Your mortgage lender will likely report your late payment to the three major credit bureaus after 30 days past due, and your credit score will take a hit. Even one late payment can negatively affect your credit score for up to three years, according to FICO.

Can you skip one mortgage payment? ›

Rest assured, one missed mortgage payment won't lead to foreclosure. At least two missed payments will have to occur for foreclosure even to be a viable option. Often, lenders won't initiate the foreclosure until you're more than 90 days behind on your payments.
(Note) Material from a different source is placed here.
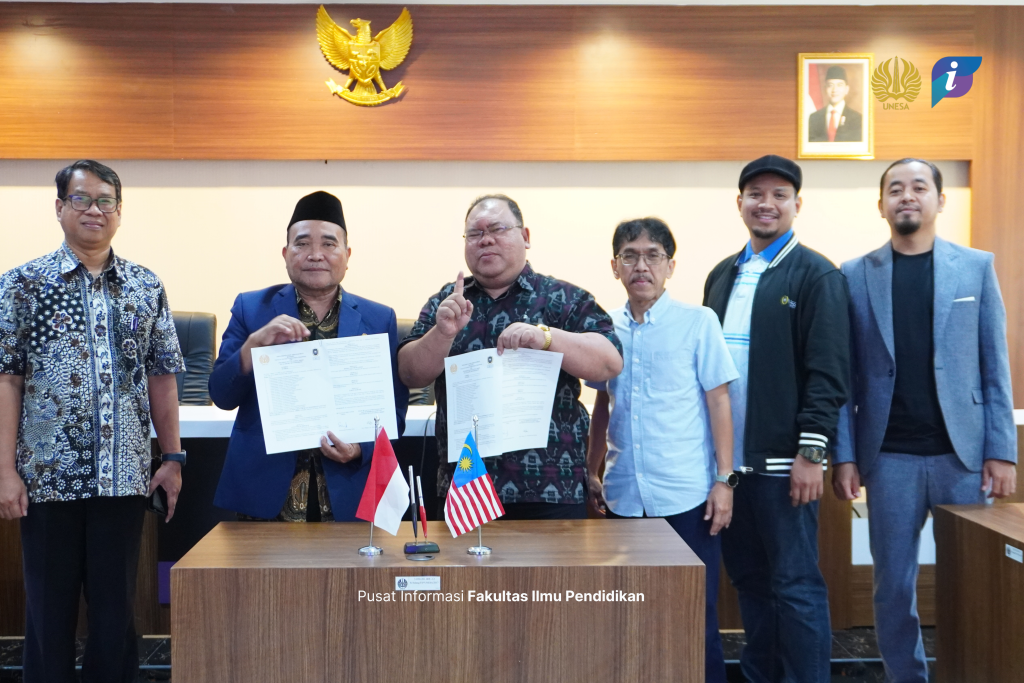 fip.unesa.ac.id, SURABAYA – Fakultas Ilmu Pendidikan Universitas Negeri Surabaya (FIP UNESA) kedatangan tamu dari Fakulti Pengajian Umum dan Pendidikan Lanjutan (FPUL) Universitas Sultan Zainal Abidin (UniSZA), Malaysia, untuk melakukan penandatangan Memorandum of Understanding (MoU). Penandatanganan ini menjadi langkah konkret dalam memperkuat kolaborasi akademik lintas negara, khususnya dalam bidang pendidikan, penelitian, dan pengabdian masyarakat. Kegiatan ini berlangsung pada Jumat, 01 Agustus 2025 dan bertempat di gedung O1 lantai 1.

What happens if I pay my mortgage 2 weeks late? ›

If you pay after your grace period, but before 30 days, you might be charged a late fee, but there's no credit impact. Once your payment is at least 30 days late, it's reported as late to the credit bureaus. This will lower your credit score and potentially have an impact on future mortgage qualification.

Does it matter if you pay your mortgage on the 1st or 15th? ›

Most mortgages are due on the 1st of the month. But you can usually make your home loan payment by the 15th of the month without incurring any fees, or being subjected to negative reporting on your credit history. This flexibility is called a grace period.

Can you skip a mortgage payment and add it to the end? ›

Paused payments, paid back at the end of the mortgage

Your servicer lets you pause payments for a specified number of months. Then, the amount is repaid either by adding more payments at the end of your mortgage loan, or by taking out a new loan.

Can you ask bank to skip a mortgage payment? ›

Contact your lender about financial hardship. All lenders have hardship teams ready to help customers in tough times. Talk to your lender to discuss your options. You may be able change the terms of your loan, or temporarily pause or reduce your repayments.

Do all mortgages have a 15 day grace period? ›

The amount of time in the mortgage payment grace period varies by lender, but it's usually 15 days or 2 weeks. If you don't make your payment within this timeframe, you could be charged a late payment fee (which can be a set amount or based on your principal and interest).

What happens if you are 2 months behind on your mortgage? ›

Two Months Late

After two months, you can expect not only the late fees and the punch to your credit, but your lender is likely to take more serious actions. Being two months late is a clear indicator of financial distress; you may receive formal pre-foreclosure notices.

What happens if you are 3 months late on your mortgage? ›

If you're three months late on your mortgage payments, you will find that you incur each of the consequences from being two months late: late fees, credit damage, and stern, formal communiqués from your lender, who will almost certainly initiate the pre-foreclosure process.

Can I pay my mortgage 20 days late? ›

If there are 31 days in the month that doesn't matter, it needs to be received by within 30 days. If your payment is late, they'll give you a “30 day late” on your credit report, which is not something you want at all. And if you're 90 days late on a mortgage, likely foreclosure proceedings will have started.

How bad does a late mortgage payment hurt your credit? ›

If you have otherwise spotless credit, a payment that's more than 30 days past due can knock as many as 100 points off your credit score. If your score is already low, it won't hurt it as much but can still do damage. But sometimes it's impossible to pay on time, because of job loss or another financial crisis.